North Block had asked the board of directors of state-run Punjab National Bank to consider taking over IFCI.
However, PNB does not wish to be forced into another mega-merger with the ailing yet asset-rich IFCI, which has on its books some Rs 15,920 crore in financial and physical assets.
To try and stall the merger, PNB, which took over the failed Kerala-based Nedungadi Bank some two years back, has been setting various conditions such as a debt write off before taking over the ailing financial corporation.
Top finance ministry officials said the conditions had made them realise that there was little chance of getting PNB to agree.
So, they have asked IDBI to prepare a roadmap for a possible merger between the two development financial institutions.

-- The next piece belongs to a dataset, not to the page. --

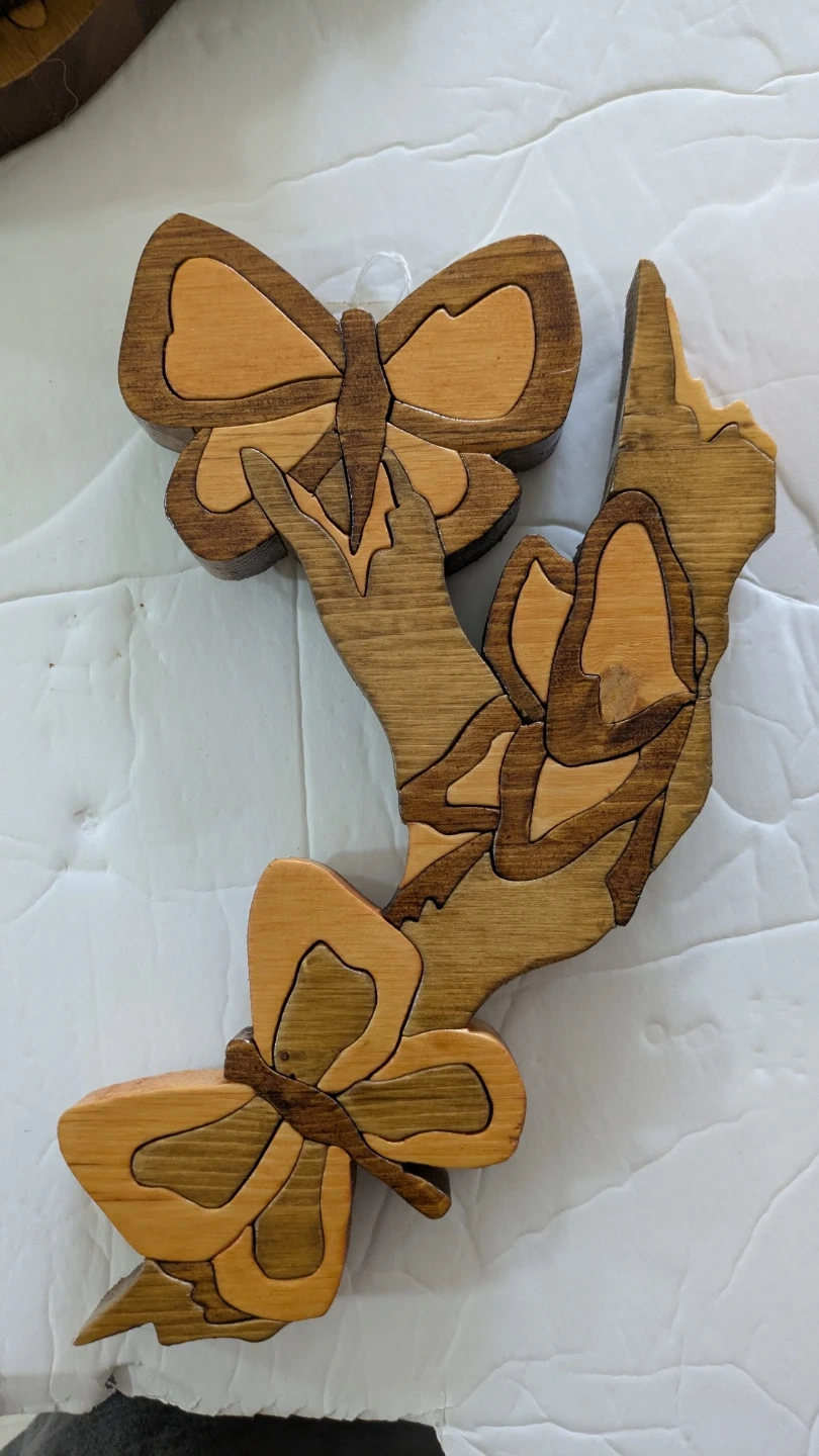 This is a decorative intarsia featuring butterflies. It's made of wood with contrasting wood tones. It would look nice on your wall! Semi gloss finish, hardboard backer. 5 3/4" W x 7/8" D x 9 1/2" H. New conditoon

IDBI too has its own share of problems; it took over IDBI Bank some time back and needs some time to digest this mega merger.
However, the government?s diktat cannot be ignored and its board is currently working on its response to the takeover question.

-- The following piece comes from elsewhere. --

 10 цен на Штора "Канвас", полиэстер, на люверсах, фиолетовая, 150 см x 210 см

North Block officials know that IFCI is not an attractive takeover target despite any tax sops the buyer may get from the merger.
Officials admit that though IFCI reported a Rs 61-crore operational profit last quarter, it still has huge problems, despite the Rs 6,000-crore bailout package sanctioned two years back.
IFCI had some Rs 3,230 crore in losses and nearly Rs 11,960 crore of gross non-performing assets at the end of financial year 2004.
To sweeten the deal, officials are now considering throwing in a small but profitable PSU bank to make the deal attractive.
If the deal sweetener is indeed thrown in, then perhaps even the reluctant PNB might consider merging with IFCI.
?The whole issue is that with these banks listed on bourses we have to ensure merger deals which do not erode shareholder value. The government can no longer transfer the job of reviving one of its sick children on to the shoulder of another stronger child. It has to look after the interests of other shareholders too,? officials said.